Eye fluids include the aqueous humor, located in the anterior chamber in front of the lens; and the vitreous humor in the posterior chamber behind the lens.

Be sure to review the visual pathway as well as the structures of vision.

Vision detects the intensity or brightness and wavelength or color of light, as well as images and motion. Light must be focused by the eye to form a detectable image.

Impulses travel from the rods and cones in the innermost layer of the retina through the bipolar and ganglionic layers of the retina.

Nerve impulse leaves the eye through the optic nerve; the point of exit is free of receptors and is therefore called a blind spot known as the optic disk .

Visual interpretation occurs in the visual cortex of the cerebrum.

Next, we will review the special senses of hearing and equilibrium.

The ear functions in hearing and equilibrium using receptors called mechanoreceptors.

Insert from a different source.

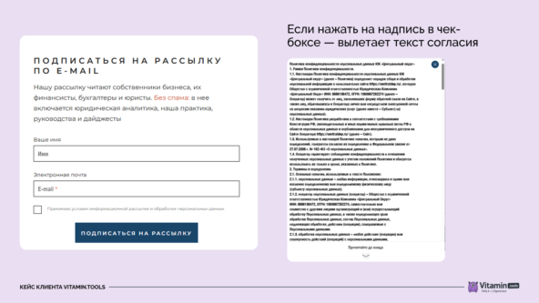 На руках — письмо от РКН и 10 рабочих дней на официальный ответ. А в компании нет юриста. На запрос Роскомнадзора нужно ответить в течение 10 рабочих дней — так указано в ст. 20 закона № 152-ФЗ. Продлить срок ещё на 5 рабочих дней можно, если сразу направить мотивированное уведомление. Что именно считать «мотивом» — не объясняется. Но проверяющие ждут конкретики: ссылки на документы, внутренние приказы, копии писем с запросами. Например, можно приложить приказ о проведении внутренней проверки, указать даты сбора информации или сослаться на официальное обращение к подрядчику, если часть данных находится у него. Если не ответить в срок или проигнорировать запрос — будет штраф. Зарегистрируйтесь как оператор персональных данных. Это необходимо, если вы хоть как-то работаете с данными пользователей: собираете, храните, передаёте, анализируете или даже просто получаете доступ к информации о человеке. Обработка происходит, например, когда человек оставляет заявку, заполняет квиз, подписывается на рассылку, или просто заходит на сайт с подключённой Метрикой или cookie. Даже если вы не сохраняете эти данные у себя, но они проходят через ваш сайт — вы уже оператор. Пример: Проверьте формы. Под формой должен быть чекбокс: пользователь сам ставит галочку и подтверждает согласие. Текст рядом — понятный и короткий. Например: «Я согласен на обработку персональных данных». Внутри этой фразы — ссылка на отдельную страницу с условиями. Если вы спрячете текст, поставляете галочку по умолчанию или не добавите ссылку — Роскомнадзор это засчитает как нарушение. Пример: Не забудьте про cookie. При первом заходе на сайт покажите всплывающее окно или баннер, где пользователь сможет принять или отклонить сбор данных. Уведомление должно сообщать, что вы используете сторонние сервисы — например, Яндекс Метрику. Использовать сервис Google Analytics в России запрещено. Google Формы, кстати, тоже. За них компания может получить штраф до 6 000 000 ₽. По умолчанию сайт собирает только технические cookie — те, которые нужны для авторизации, оформления заказа или сохранения пользовательских настроек. Для сбора аналитики, рекламы и других необязательных данных нужно получить согласие. Предложите пользователю выбор: принять все cookie или выбрать только необходимые. Это можно реализовать через кнопки «принять всё» и «настроить». Когда приходит запрос от Роскомнадзора, проверяют не только сайт, но и то, как выстроена работа с данными внутри. Отсутствие договоров, приказов или согласий — основание для штрафа. Вот какие документы запрашивают в первую очередь: — Политика конфиденциальности. Описывает, какие данные собираются, зачем и на каком основании. Указывает способы и сроки хранения, перечень третьих лиц, которым передаются данные, и порядок отзыва согласия. — Согласие на обработку данных. Может быть отдельным документом или частью политики. Включает перечень данных, цель и срок обработки, передачу третьим лицам и способ отзыва согласия — например, через форму на сайте или по email. — Договор с подрядчиком. Обязателен, если вы передаёте базу внешнему специалисту — например, таргетологу, разработчику или администратору. В договоре фиксируют объём данных, цели обработки, распределение ответственности и ограничения по использованию. — Приказ о назначении ответственного. Документ, в к

First be sure you understand the ear’s anatomy. It is divided into the external, middle, and inner ear.

The external ear includes the auricle or pinna, and the external acoustic canal. This curving canal is 2.5 centimeters (or about 1 inch) in length and ends at the tympanic membrane. It contains ceruminous glands.

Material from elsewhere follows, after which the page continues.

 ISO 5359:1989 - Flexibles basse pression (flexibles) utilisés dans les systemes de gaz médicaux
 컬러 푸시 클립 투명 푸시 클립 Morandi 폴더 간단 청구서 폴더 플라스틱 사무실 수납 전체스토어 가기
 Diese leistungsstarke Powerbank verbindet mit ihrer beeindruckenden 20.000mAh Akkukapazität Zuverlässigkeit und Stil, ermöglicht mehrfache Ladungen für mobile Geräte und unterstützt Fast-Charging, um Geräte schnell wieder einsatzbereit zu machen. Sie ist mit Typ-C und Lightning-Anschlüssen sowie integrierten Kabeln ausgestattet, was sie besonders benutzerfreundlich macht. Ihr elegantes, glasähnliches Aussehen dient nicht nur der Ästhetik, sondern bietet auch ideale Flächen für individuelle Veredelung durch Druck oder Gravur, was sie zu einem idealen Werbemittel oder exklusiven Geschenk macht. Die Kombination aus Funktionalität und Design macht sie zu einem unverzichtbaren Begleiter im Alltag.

The middle ear houses the ear ossicles: the malleus, incus, and stapes; and it ends in the oval window. Inflammation of the middle ear is called otitis media.

The auditory tube (also called the eustachian tube) connects the middle ear to the throat.

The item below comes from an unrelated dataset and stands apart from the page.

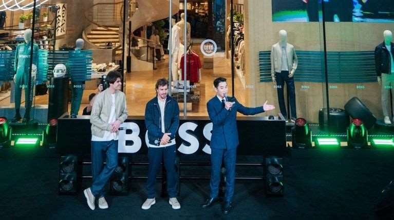 Το απόγευμα της Τετάρτης 19 Μαρτίου, οι οδηγοί της Aston Martin Aramco Formula One™ Team και πρεσβευτές της BOSS, Lance Stroll και Fernando Alonso, υποδέχθηκαν περίπου 80 VIP καλεσμένους, διασημότητες, εκπροσώπους των ΜΜΕ και δημιουργούς περιεχομένου σε ένα κομψό μαύρο χαλί μπροστά από τη μεγαλοπρεπή 18 μέτρων πρόσοψη του καταστήματος, η οποία ήταν διακοσμημένη με σχέδιο εμπνευσμένο από την Πίστα της Σαγκάης και το κινέζικο σύμβολο "上" (shang), που σημαίνει "άνοδος" και εκφράζει αισιοδοξία και θετικότητα—μια τέλεια ευθυγράμμιση με το πνεύμα της BOSS.

The inner ear consists of an odd-shaped bony space called the bony labyrinth. Filled with a watery fluid called perilymph, the bony labyrinth is divided into the vestibule, semicircular canals, and the cochlea. The vestibule is adjacent to the oval window between the semicircular canals and the cochlea.

The membranous labyrinth is a balloonlike membranous sac suspended in the perilymph; it follows the shape of the bony labyrinth and is filled with endolymph.

Now we’ll review the functions of hearing and equilibrium.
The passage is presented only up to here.